+++ Data for this exercise

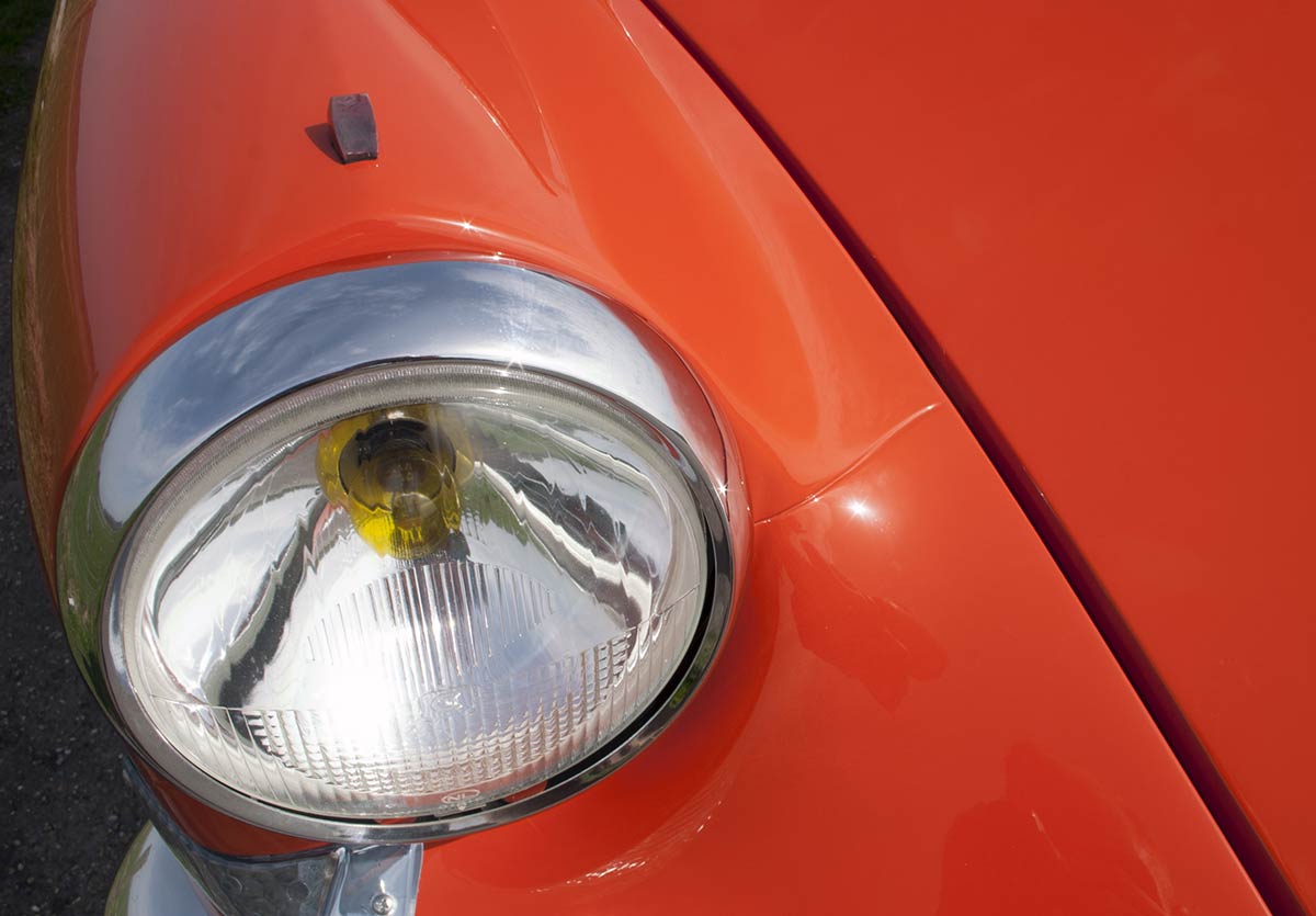 [dropcap size=big]D[/dropcap]it is een verhaal over een autokleur in een tijdperk dat de meeste auto’s nog zwart of minstens donker van kleur zijn. Als het om fotografie gaat, verbind ik deze kleur altijd met het contrastrijke zwart-wittijdperk en nog meer met de aflopende periode van de sobere jaren van wederopbouw in Frankrijk en West-Europa. We schrijven 1957. Je zult maar op het terras zitten van het beroemde existentialistenlokaal Café de Flore in Parijs. Jean-Paul Sartre en Simone de Beauvoir zijn al lang naar huis. Albert Camus heeft zojuist wankelend het café verlaten. Je wacht met je prille liefde op de dageraad in Saint-Germain-de-Prés. Er gloort al een beetje licht, maar nog lang geen zon. En dan, om half vijf ’s morgens, rijdt daar opeens een knaloranje auto voorbij over de Boulevard Saint-Germain. Heb ik dat wel goed gezien? Ben ik bedwelmd door te veel alcohol? Of is dit een droom? Over een speelgoedauto? Die kleur, die is als een duveltje uit een doosje. Capucine!
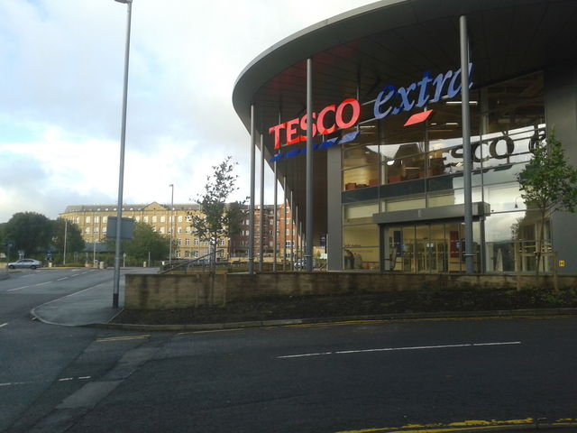 [8] At the station follow the path round the Tesco Superstore keeping under the outside cover till you reach the second entrance opposite the roundabout.
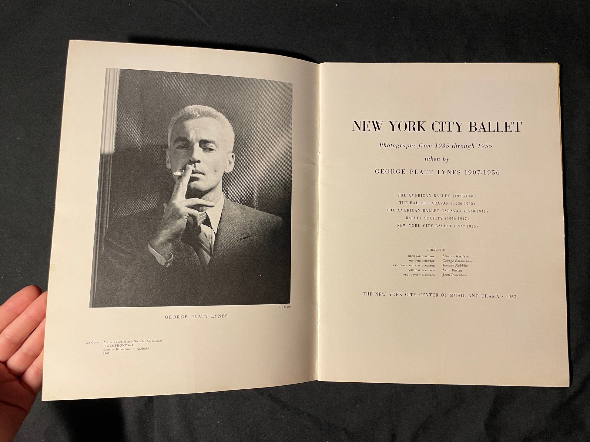 Maria Tallchief and Francisco Moncion are featured on the cover. This book is a portfolio of photos by George Platt Lynes, depicting ballets from NYCB's early years 1935-1955.
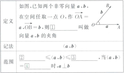 【解析】:空间向量的夹角:已知两个非零向量$\boldsymbol{a}$,$\boldsymbol{b}$,在空间任取一点$O$,作$\overrightarrow{OA}=\boldsymbol{a}$,$\overrightarrow{OB}=\boldsymbol{b}$,则$\angle AOB$叫做向量$\boldsymbol{a}$,$\boldsymbol{b}$的夹角,记作$\langle\boldsymbol{a},\boldsymbol{b}\rangle$。规定:$0\leqslant\langle\boldsymbol{a},\boldsymbol{b}\rangle\leqslant\pi$。当$\langle\boldsymbol{a},\boldsymbol{b}\rangle=0$时,$\boldsymbol{a}$与$\boldsymbol{b}$同向;当$\langle\boldsymbol{a},\boldsymbol{b}\rangle=\pi$时,$\boldsymbol{a}$与$\boldsymbol{b}$反向;当$\langle\boldsymbol{a},\boldsymbol{b}\rangle=\frac{\pi}{2}$时,称$\boldsymbol{a}$与$\boldsymbol{b}$互相垂直,记作$\boldsymbol{a}\perp\boldsymbol{b}$。
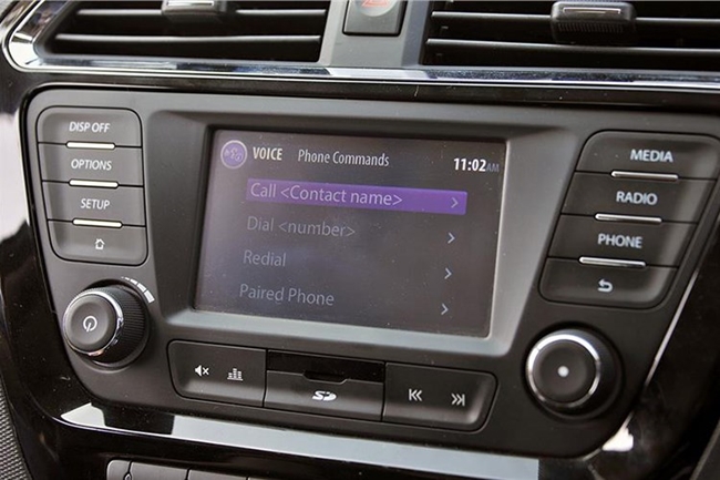 Là một mẫu xe giá rẻ, nhưng bên trong nội thất của xe khá tiện nghi dù không thật sự xuất sắc. Xe được trang bị vô lăng 3 chấu tích hợp các phím chức năng, màn hình cảm ứng 5 inch dành cho hệ thống thông tin giải trí và dàn âm thanh Harman lên tới 8 loa.
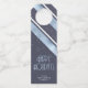 Part of a coordinating design set for Christmas, this hanging bottle tag features diagonal stripes with an outdoorsy theme in shades of sky blue, navy and white. Optional 'Happy Holidays' text and a label have been provided to add your name and/or other text. Search ID861 thru ID864 to see additional color options and other products in this modern, Christmas design set.
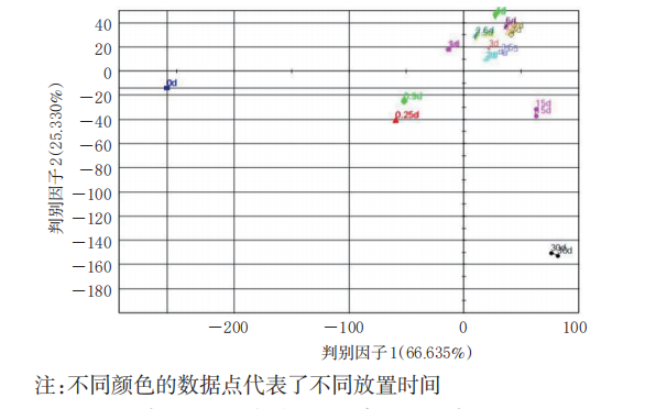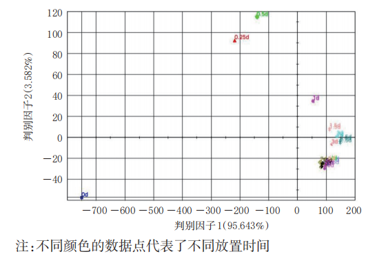 圖5 不同放置時間兒童型香囊樣品判別因子分析圖
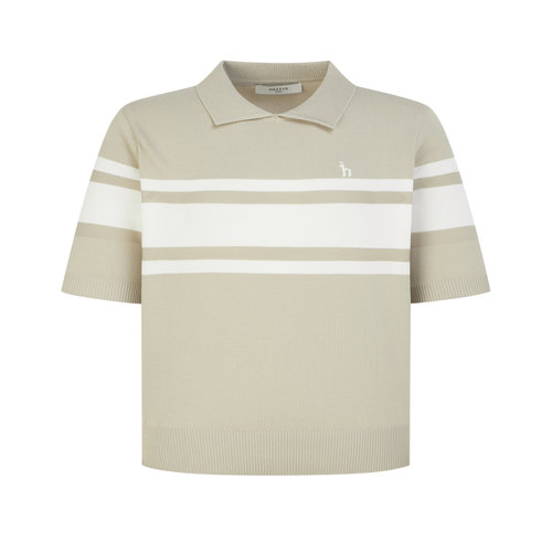 헤지스 골프 여성 브라운 여성 라인배색 반팔 카라 니트 (HWSW5B301W3)
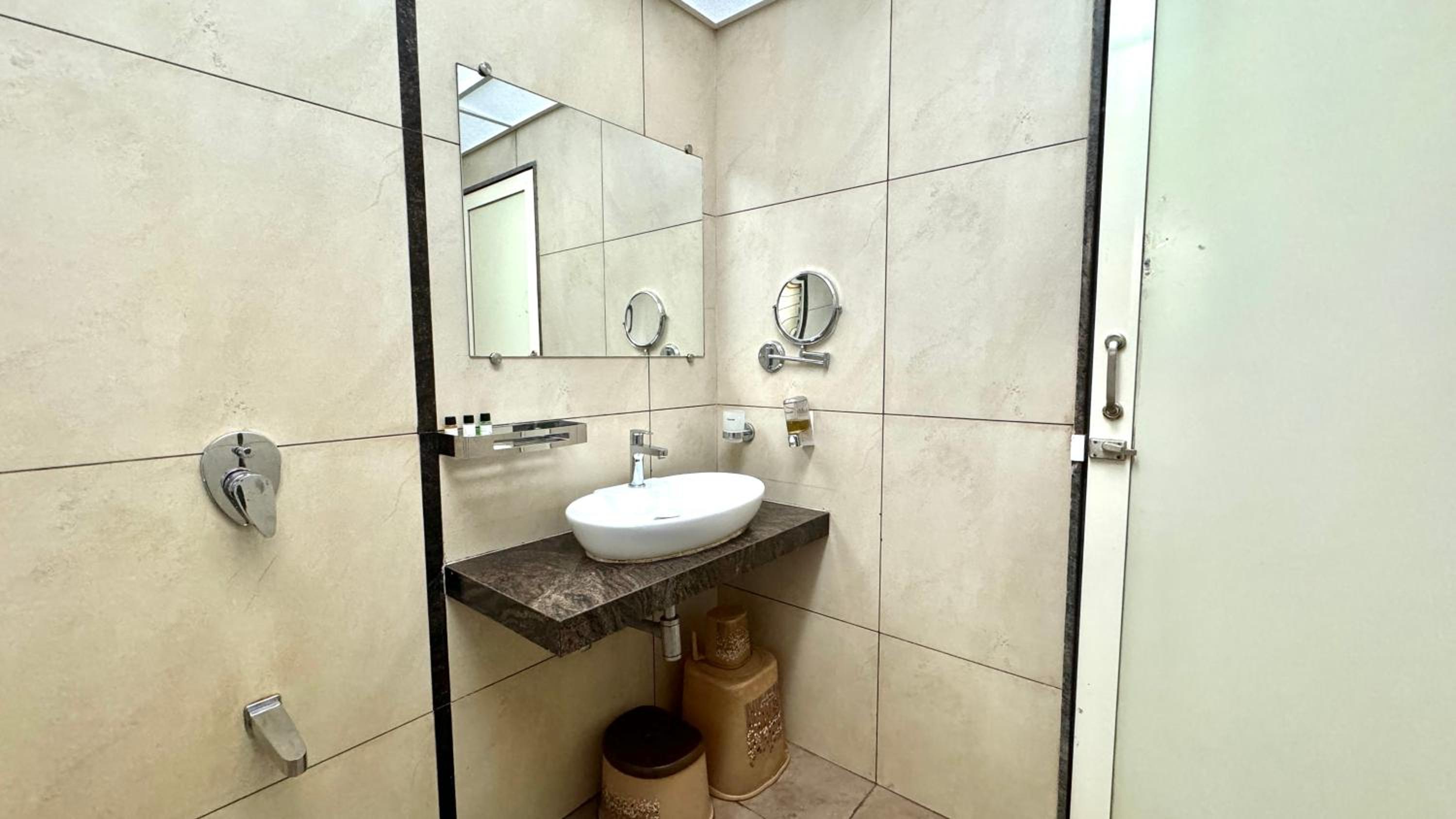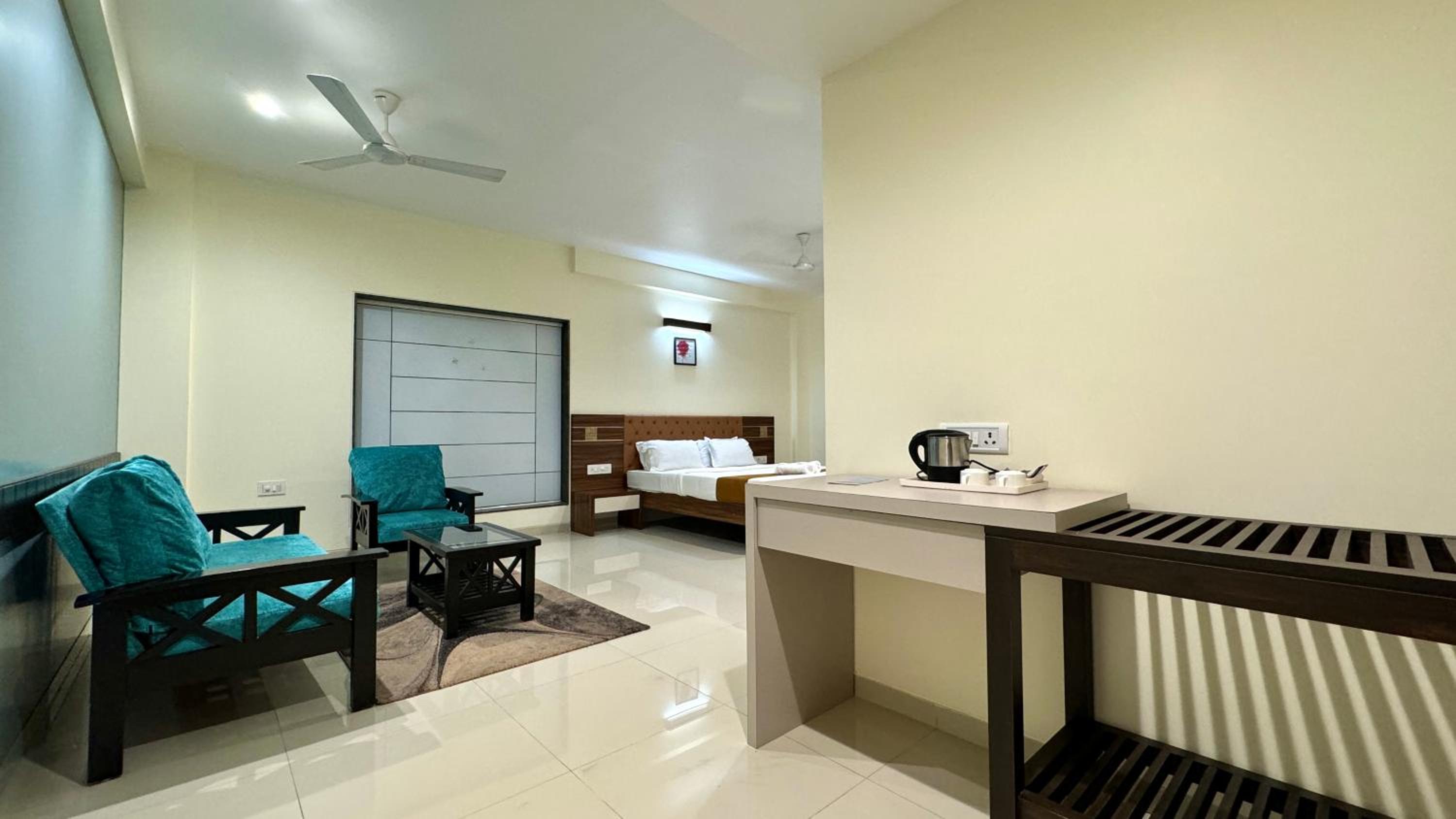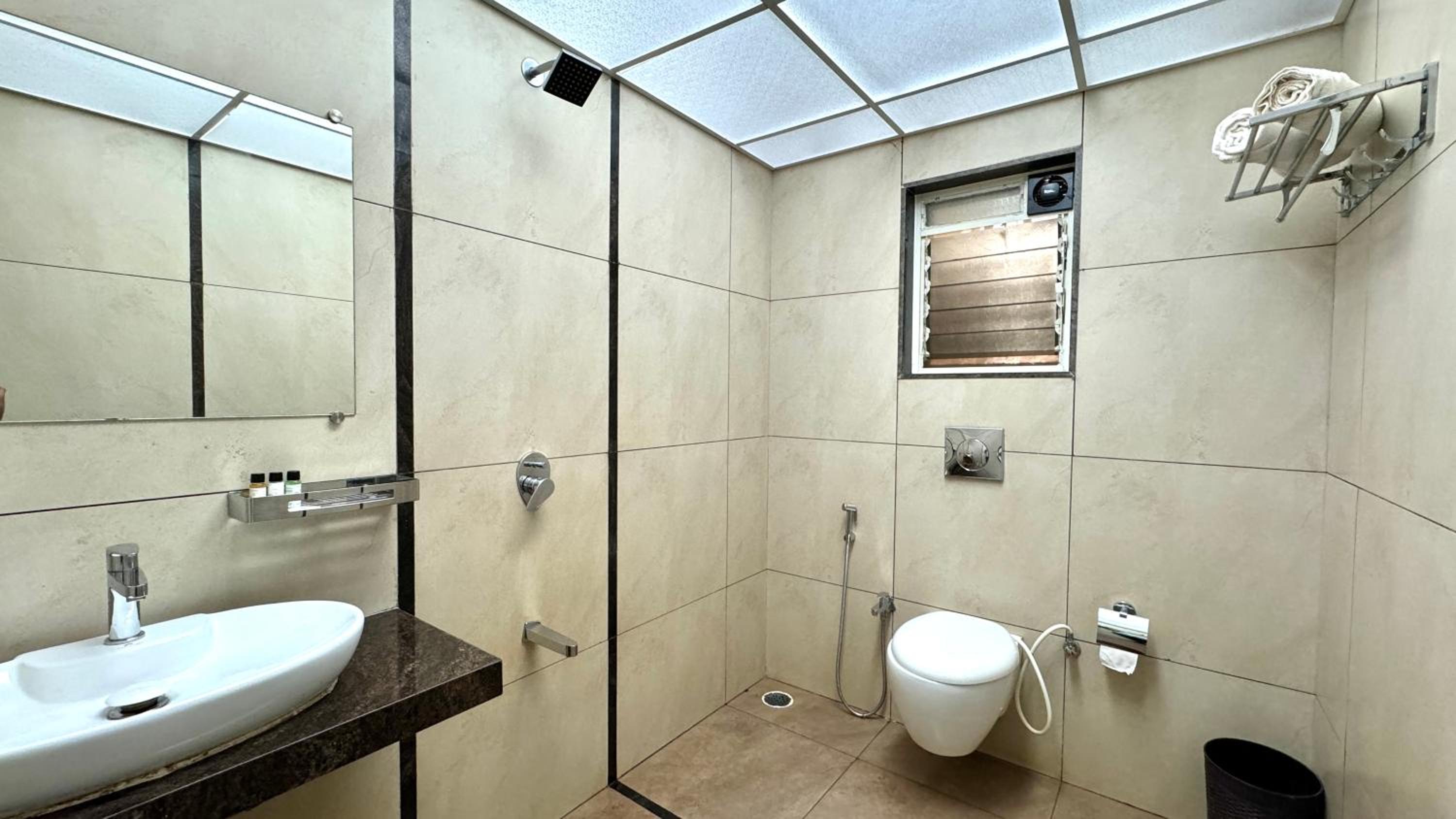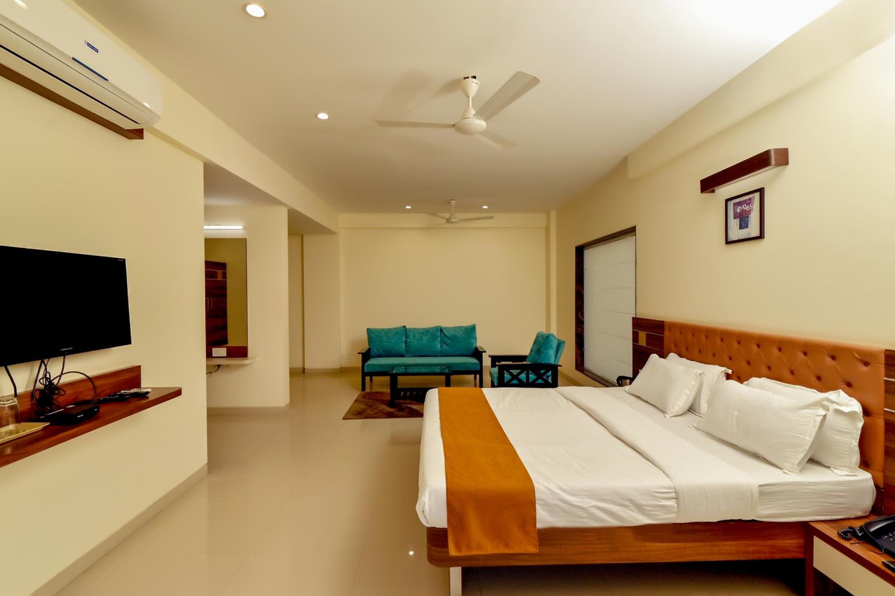 Each room at Hotel Sadhana Executive features a wardrobe, flat-screen TV, and a private bathroom. Some units offer serene garden views, while every room includes a balcony and a cozy seating area.

++++++

Task instructions: Return every record exactly. Pictures stay out.

Completed exercise:
 [dropcap size=big]D[/dropcap]it is een verhaal over een autokleur in een tijdperk dat de meeste auto’s nog zwart of minstens donker van kleur zijn. Als het om fotografie gaat, verbind ik deze kleur altijd met het contrastrijke zwart-wittijdperk en nog meer met de aflopende periode van de sobere jaren van wederopbouw in Frankrijk en West-Europa. We schrijven 1957. Je zult maar op het terras zitten van het beroemde existentialistenlokaal Café de Flore in Parijs. Jean-Paul Sartre en Simone de Beauvoir zijn al lang naar huis. Albert Camus heeft zojuist wankelend het café verlaten. Je wacht met je prille liefde op de dageraad in Saint-Germain-de-Prés. Er gloort al een beetje licht, maar nog lang geen zon. En dan, om half vijf ’s morgens, rijdt daar opeens een knaloranje auto voorbij over de Boulevard Saint-Germain. Heb ik dat wel goed gezien? Ben ik bedwelmd door te veel alcohol? Of is dit een droom? Over een speelgoedauto? Die kleur, die is als een duveltje uit een doosje. Capucine!
 [8] At the station follow the path round the Tesco Superstore keeping under the outside cover till you reach the second entrance opposite the roundabout.
 Maria Tallchief and Francisco Moncion are featured on the cover. This book is a portfolio of photos by George Platt Lynes, depicting ballets from NYCB's early years 1935-1955.
 【解析】:空间向量的夹角:已知两个非零向量$\boldsymbol{a}$,$\boldsymbol{b}$,在空间任取一点$O$,作$\overrightarrow{OA}=\boldsymbol{a}$,$\overrightarrow{OB}=\boldsymbol{b}$,则$\angle AOB$叫做向量$\boldsymbol{a}$,$\boldsymbol{b}$的夹角,记作$\langle\boldsymbol{a},\boldsymbol{b}\rangle$。规定:$0\leqslant\langle\boldsymbol{a},\boldsymbol{b}\rangle\leqslant\pi$。当$\langle\boldsymbol{a},\boldsymbol{b}\rangle=0$时,$\boldsymbol{a}$与$\boldsymbol{b}$同向;当$\langle\boldsymbol{a},\boldsymbol{b}\rangle=\pi$时,$\boldsymbol{a}$与$\boldsymbol{b}$反向;当$\langle\boldsymbol{a},\boldsymbol{b}\rangle=\frac{\pi}{2}$时,称$\boldsymbol{a}$与$\boldsymbol{b}$互相垂直,记作$\boldsymbol{a}\perp\boldsymbol{b}$。
 Là một mẫu xe giá rẻ, nhưng bên trong nội thất của xe khá tiện nghi dù không thật sự xuất sắc. Xe được trang bị vô lăng 3 chấu tích hợp các phím chức năng, màn hình cảm ứng 5 inch dành cho hệ thống thông tin giải trí và dàn âm thanh Harman lên tới 8 loa.
 Part of a coordinating design set for Christmas, this hanging bottle tag features diagonal stripes with an outdoorsy theme in shades of sky blue, navy and white. Optional 'Happy Holidays' text and a label have been provided to add your name and/or other text. Search ID861 thru ID864 to see additional color options and other products in this modern, Christmas design set.
 圖5 不同放置時間兒童型香囊樣品判別因子分析圖
 헤지스 골프 여성 브라운 여성 라인배색 반팔 카라 니트 (HWSW5B301W3)
 Each room at Hotel Sadhana Executive features a wardrobe, flat-screen TV, and a private bathroom. Some units offer serene garden views, while every room includes a balcony and a cozy seating area.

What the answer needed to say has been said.